Astrocytes can establish intercellular communication through gap junctions that contribute to the formation of a cellular network [16]. These intercellular junctions are composed of specific proteins, named connexins (Cxs) [6]. Connexin43 (Cx43) and connexin30 (Cx30) are the main connexins expressed in astrocytic gap junctions [37], [40], [39], where they are often co-localized [30], [31]. Interestingly, mature neurons in cultures have been shown to control gap junctional communication between astrocytes and/or the expression of Cx43 and Cx30 [12], [39], [41]. This suggests that Cxs in astrocytes represent a target in neuron–glia interactions. Immunolabeling patterns of Cx30 and Cx43 have previously been studied in rodent in various cortical regions and in a lower extent in cat and human brain [30], [31]. However, the expression of these connexins in the visual cortex has not been explored yet. The second goal of this study was thus to investigate the developmental patterns of Cx expression in the cat visual cortex and to compare them to the distribution of GFAP.

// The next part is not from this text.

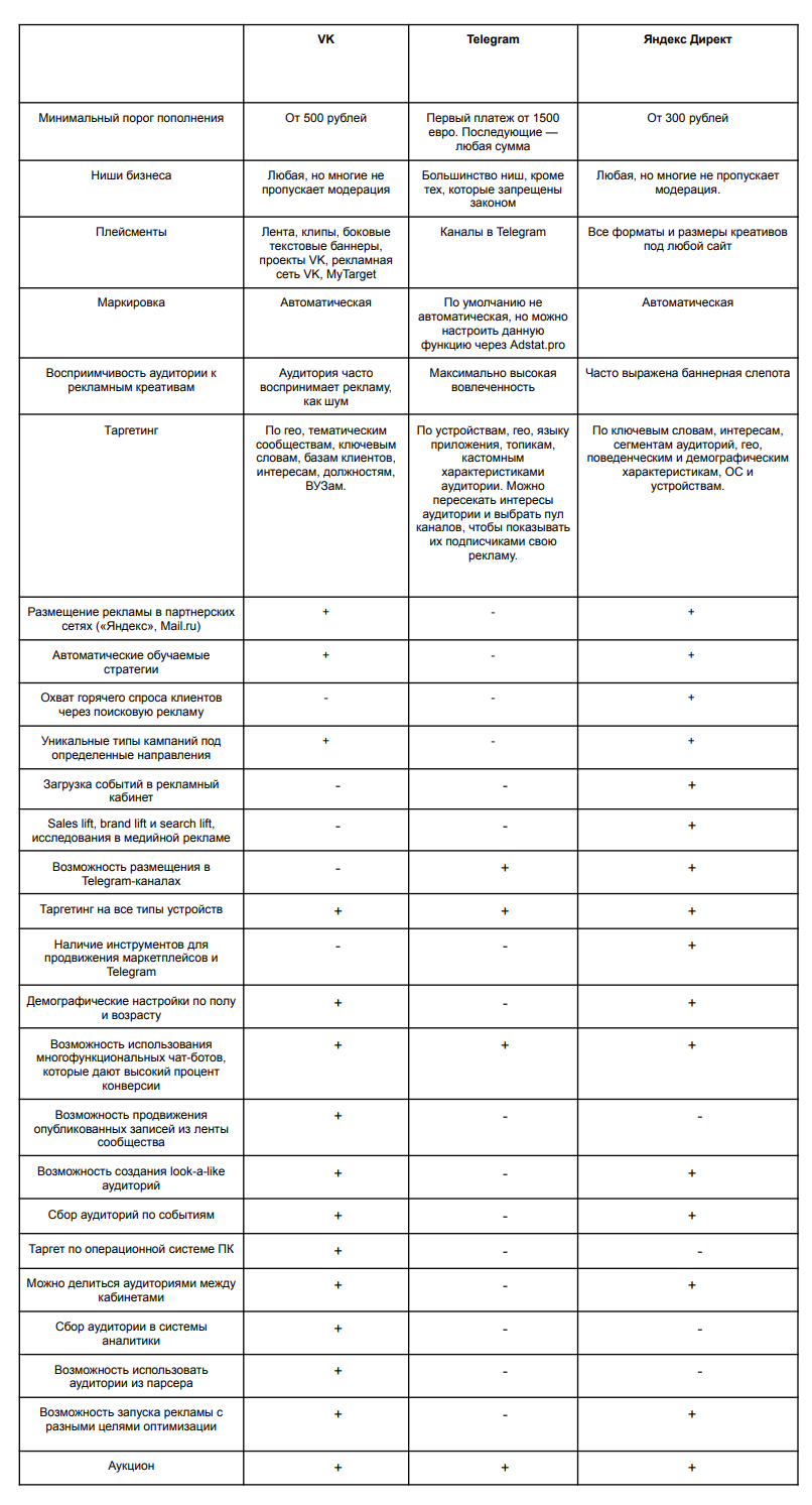 А напоследок давайте еще раз посмотрим на все плюсы и минусы каждой площадки в формате таблицы.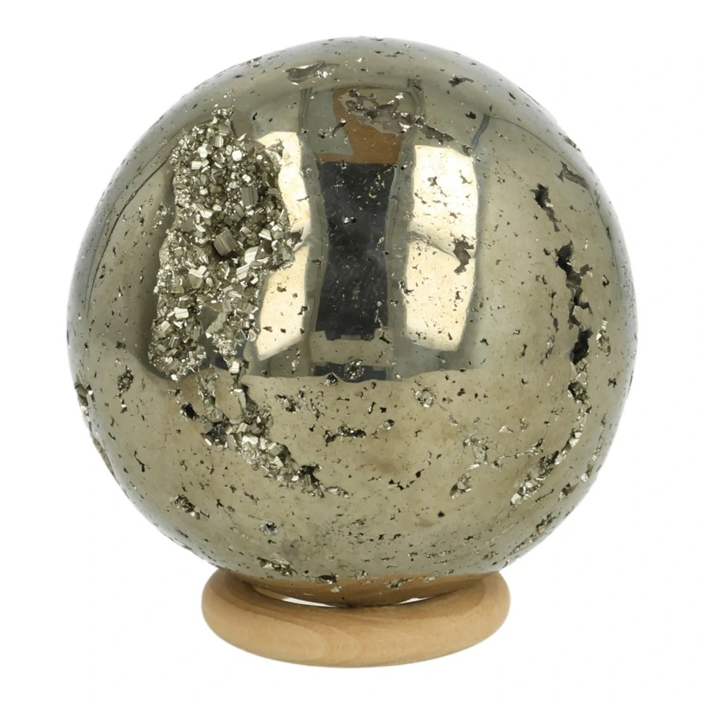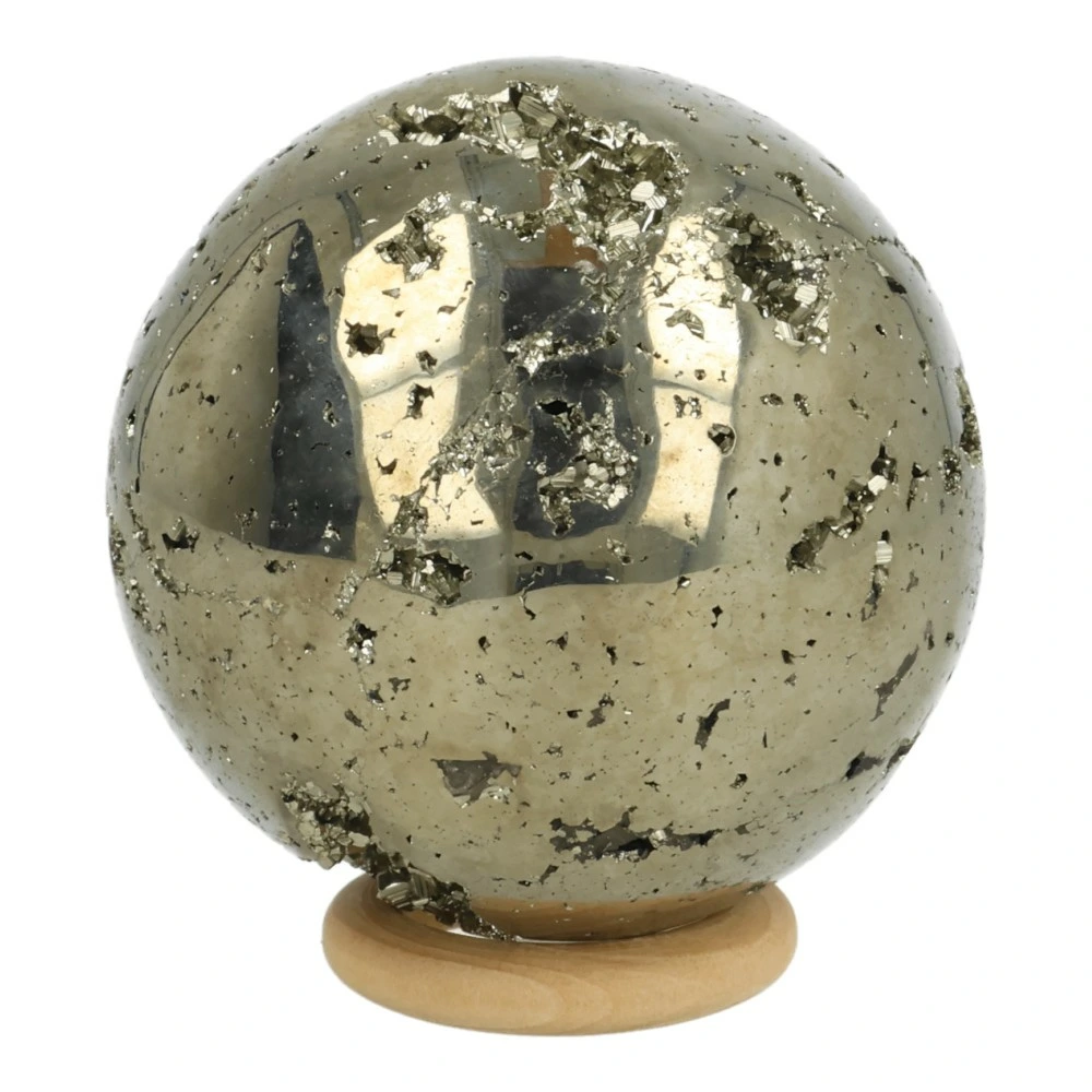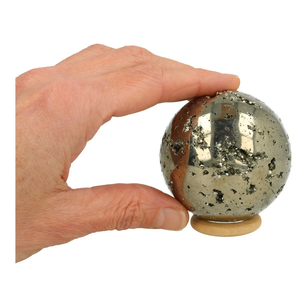Mooi formaat pyriet bol met een diameter van 61mm uit Peru. Deze pyriet bol heeft een mooie glans en een aantal holtes waarin de pyriet kristallen goed zijn te zien. Een schoonheid voor in iedere ruimte. Je ontvangt de bol van de foto met houten ringetje.

The postnatal visual experience in mammals has been shown to be critical for neuronal development in the visual cortex. For instance, a monocular visual deprivation strongly modifies the development of ocular dominance columns [5], [19]. Several studies also investigated the influence of the postnatal visual experience on astrocytes in the visual cortex by analyzing the distribution of GFAP (or of S-100 protein) after different visual deprivations and in various species. But rather contradictory observations have been reported. Some studies indicated no effect of visual deprivation on the density of astrocytes [33] or on the expression of GFAP [8], while others pointed out an influence of visual deprivation on astrocytes development [4], [15], [17]. In the cat, dark-rearing induces a delay of the maturation of astrocytes [27]. Furthermore, several observations indicate that astrocyte maturation could influence the plasticity of visual neuron properties [21], [29]. Altogether, these studies suggest that interactions between astrocytes and neurons may occur within cat visual cortex, during postnatal development. Accordingly, the third aim of this study was to compare the development of the astrocytes in normal and monocularly deprived animals by observing the expression of GFAP as well as the expression of connexins (Cx43 and Cx30).

We observed that an early monocular visual deprivation does not affect the postnatal development of GFAP, Cx43 and Cx30 expression patterns in visual cortical areas 17 and 18. However, we showed that the distributions of these three proteins change dramatically during postnatal development. In the adults, a specific laminar distribution was observed and was similar for these three proteins.